Ranga: Gracz 1. drużyny

Larry

Honorowy redaktor

Imię i nazwisko: Mariusz Kubiak
Data urodzenia: 28 sierpnia 1985
Wiek: 40 lat
Województwo: mazowieckie
Rejestracja: 6 maja 2012
Ostatnie logowanie: 2 września 2025 | 18:09
Informacje o sobie: Kibic Interu od drugiej połowy lat 90. Lubię dobrą muzykę - rozumiem przez to Milesa, Metheny'ego, Roya Ayersa, Freda Wesleya, itd. i wszystkich, dla których byli oni natchnieniem i potrafili stworzyć coś dobrego na ich fundamentach. Ale lubię też dobry house - Shapeshifters, Lisa Millett, itd. :-)

4869

Dni w serwisie

1061

Komentarzy

Ostatnie komentarze

3 pkt. jadą do Mediolanu 31 października 2017 | 10:17   

Ja to widzę dokładnie odwrotnie, niż wy - klasowego zespołu nie poznaje się po tym, że znęca się nad ogórkami, a później z silniejszym rywalem cieniuje, tylko właśnie po tym, że w meczach z najsilniejszymi pokazuje to, co ma najlepsze (vide my z Napoli, Romą, Milanem, Sampą) a w meczu z mniej wymagającym rywalem idziemy po swoje i gdy robi się bałagan - pokazujemy mu miejsce w szeregu. Tak jak jest napisane w relacji - Inter po straceniu gola rzucił się na Veronę i marzenia o choćby punkcie wybił jej z głowy, zanim ta zdążyła się ucieszyć ze strzelonej bramki. Oczywiście fajnie by było, gdyby wynik był bezpieczniejszy, ale umówmy się - kto kiedykolwiek grał w miarę na poważnie w cokolwiek to wie, jak ciężko jest utrzymać 100% koncentracji przez całe zawody, szczególnie z kimś nieporównywalnie słabszym

Przed meczem z Hellas Verona (zapowiedź) 30 października 2017 | 19:24   

@darkos: szybko strzelić jedną i zamknąć mecz drugą? ;-) hehe przyznam, że szczerze mnie rozbawiłeś ;-) to jest takie gadanie polskiego ligowca z Ekstraklapy: "szybko strzelona bramka ustawiła mecz", "po przerwie dostaliśmy drugą i było pozamiatane". Trzeba po prostu zagrać cały mecz skoncentrowanym na 100% i Verona nie będzie miała czego szukać. A jak podejdziemy do tego meczu z nastawieniem, że się samo wygra, to nawet strzelenie dwóch albo i trzech goli może nic nie dać, czego przykładów można podawać bez końca - pierwszy z brzegu, to Lazio w meczu z Benevento wczoraj: po 24. minutach było 3-0, a Benevento kopało się po czołach, ale na drugą połowę Lazio wyszło jak w klapkach i kąpielówkach, Benevento strzeliło na 1-3 i miało 2-3 "setki" na 2-3 i by się zrobiło bardzo nerwowo. A już przykładów prowadzącego Interu którego gra "siada" to chyba nie muszę przytaczać... Także błagam, bez tekstów typu "szybko strzelić i zamknąć" ;-)

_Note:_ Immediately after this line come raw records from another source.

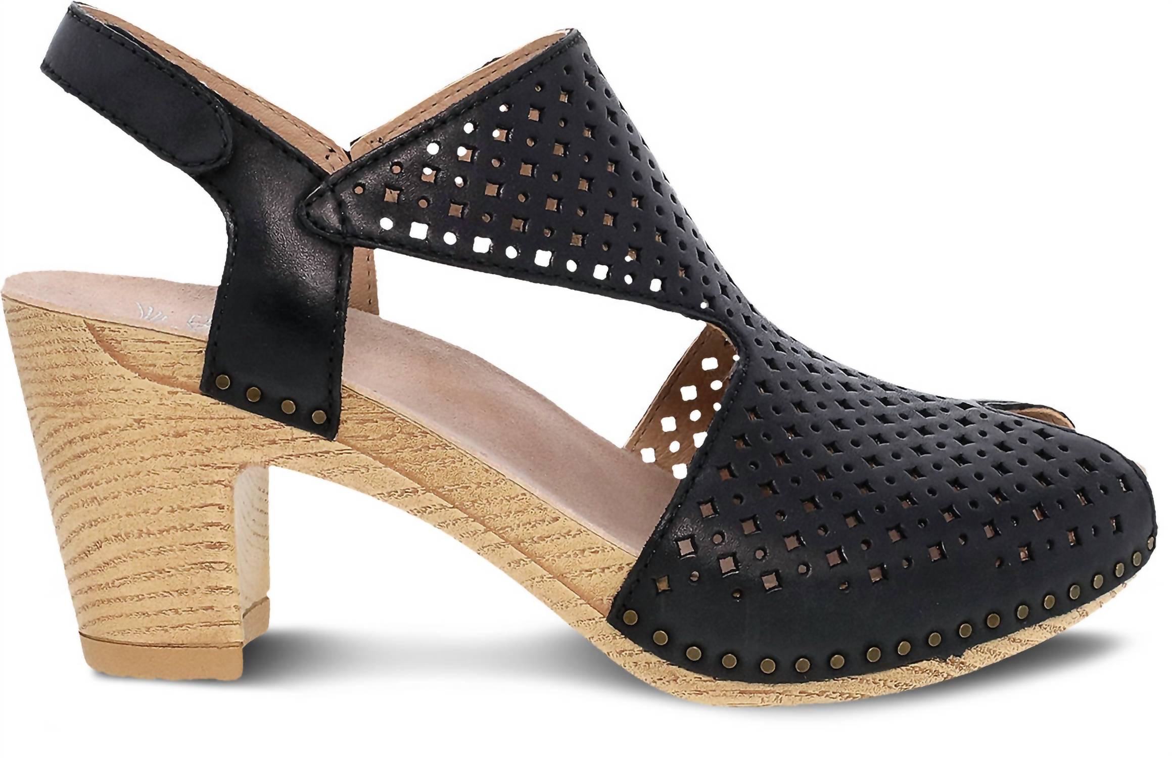 Unique creative design. Heeled slingback. Nail head construction. High-quality leather upper with Nubuck treated with 3M Scotchgard for stain resistance. Chrome-free leather lining for breathability. Chrome-free suede sock lining for a soft underfoot experience. Cushioned energy-return PU footbed. Lightweight PU outsole. Hook & loop adjustability.
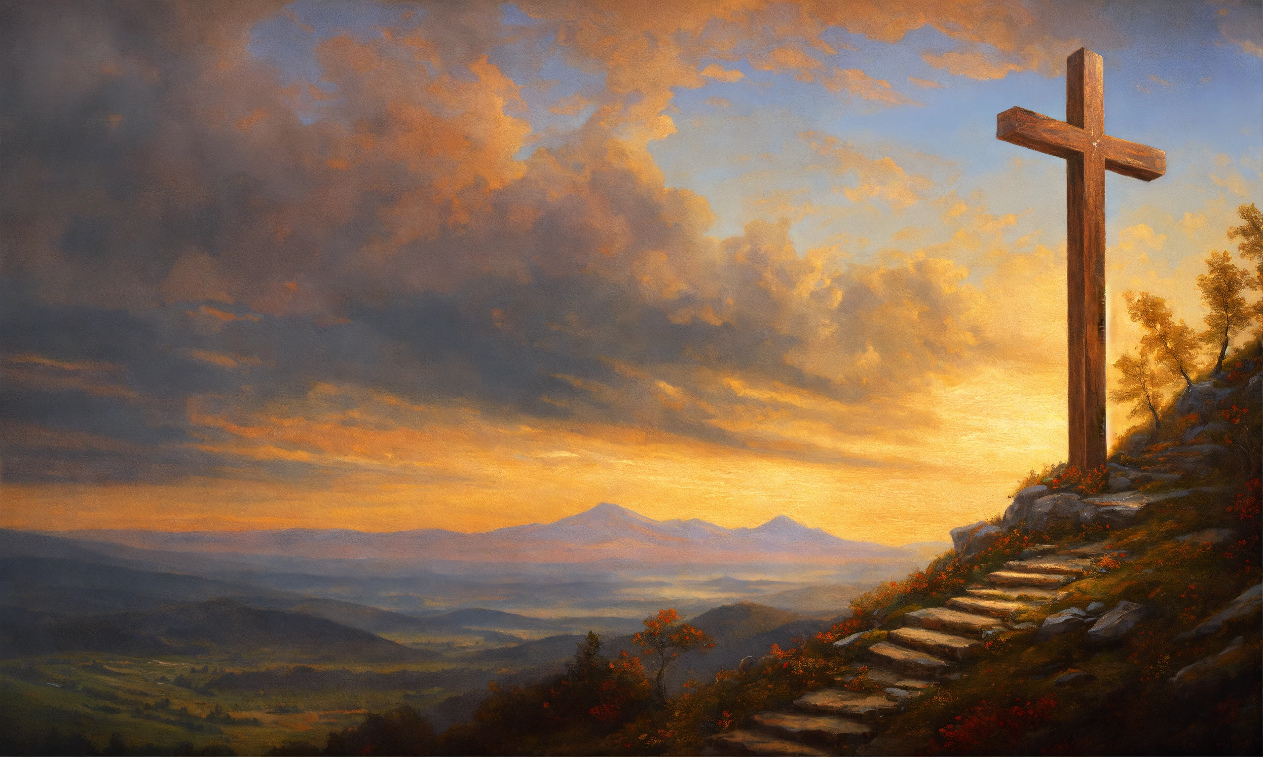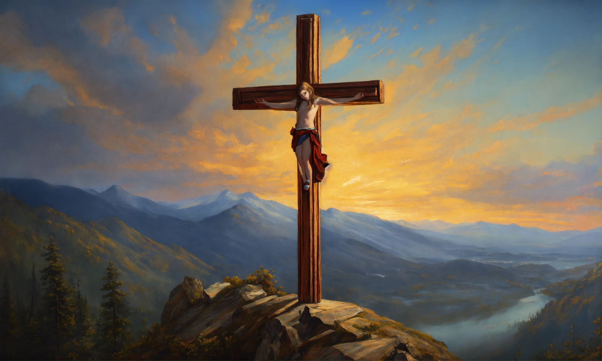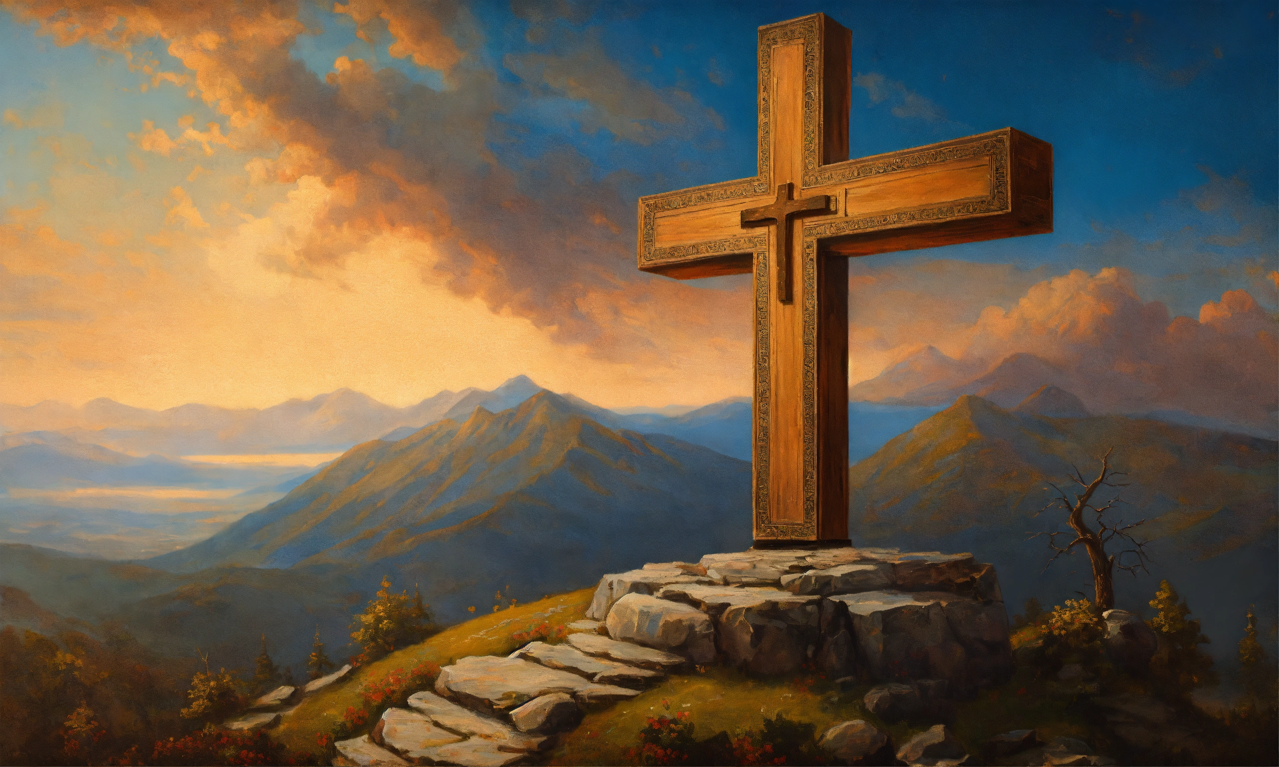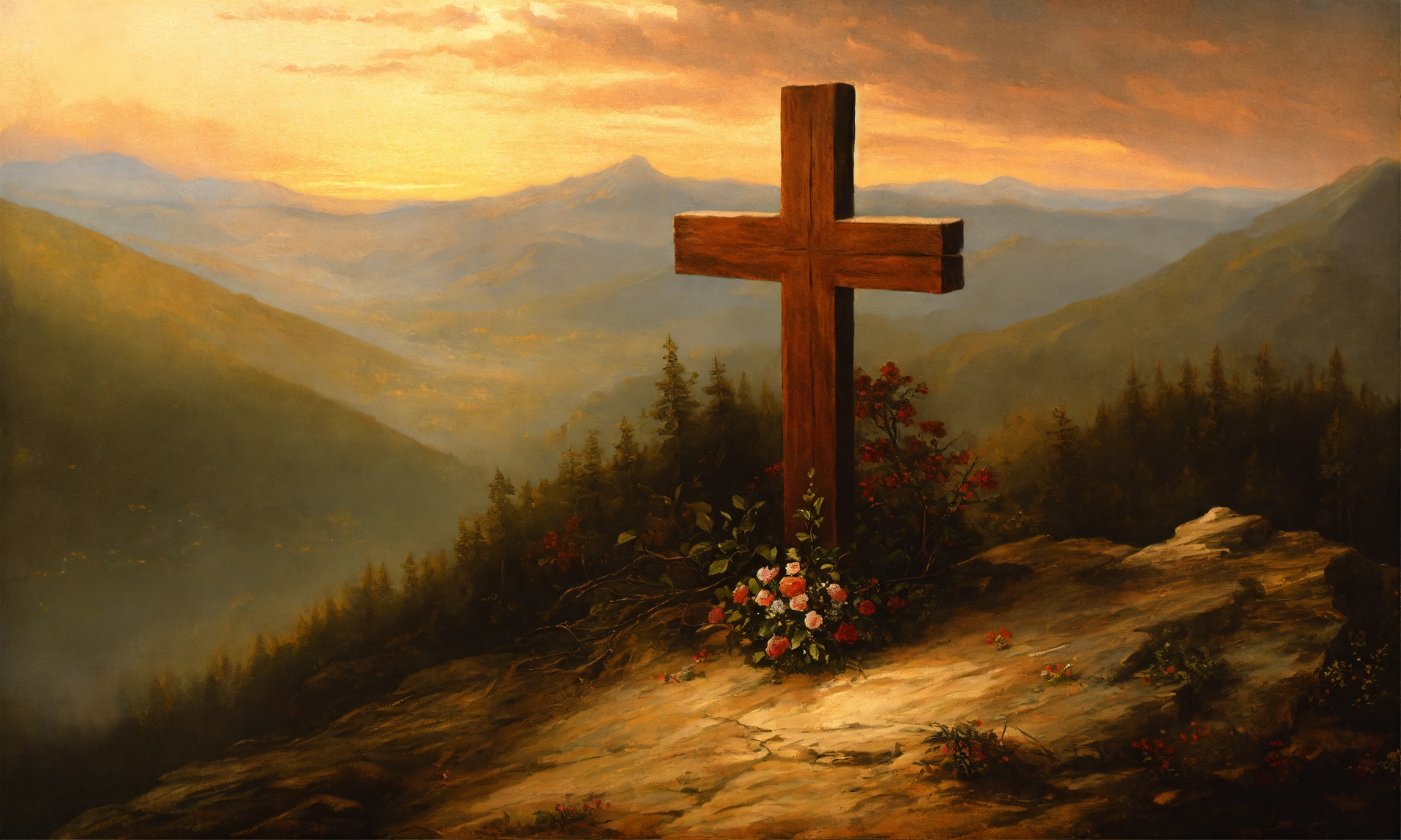 Renaissance oil painting of a wooden cross on top of a mountain
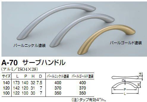 シロクマ 白熊印 A-70 サーブハンドル 引き出し、家具用取手 取っ手 120mmビスピッチ
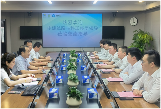 7月15日,中建丝路城开投资有限公司董事长才继超、中建科工投资有限公司助理总经理孔庆聪一行到访集团,与谢涛董事长、王昌栋总经理等座谈交流。
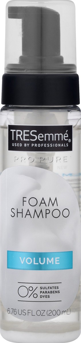 TRESemmé Pro Pure Foam shampoo is made with 100% gentle cleansers and will give you a worry free wash experience. Our formulations are: Paraben & Dye Free. Our fast-rinsing lightweight foam gently lif…

Benitez: w interze mnie nie słuchali 28 października 2017 | 18:39   

@ksiazerwi: Fakt faktem, patrząc z perspektywy czasu trzeba było wtedy zaraz po wygraniu LM sprzedać połowę składu, a przynajmniej 3-4 najstarszych zawodników za grube miliony i kupić za to na ich miejsce kilku młodych, ale już uznanych piłkarzy, ale czy wtedy ktoś by się pod tym podpisał, żeby sprzedawać takich mistrzów i rozsprzedawać drużynę, jak polski klub po zdobyciu mistrzostwa? ;-) nie sądzę...

Konkurs! Wygraj dostęp do Eleven! 28 października 2017 | 18:35   

Już po ptokach, ale już wcześniej typowałem jakieś 0:3 :) pisanie strzelca to wróżenie z fusów, poza tym już Igła-in otworzył wynik :)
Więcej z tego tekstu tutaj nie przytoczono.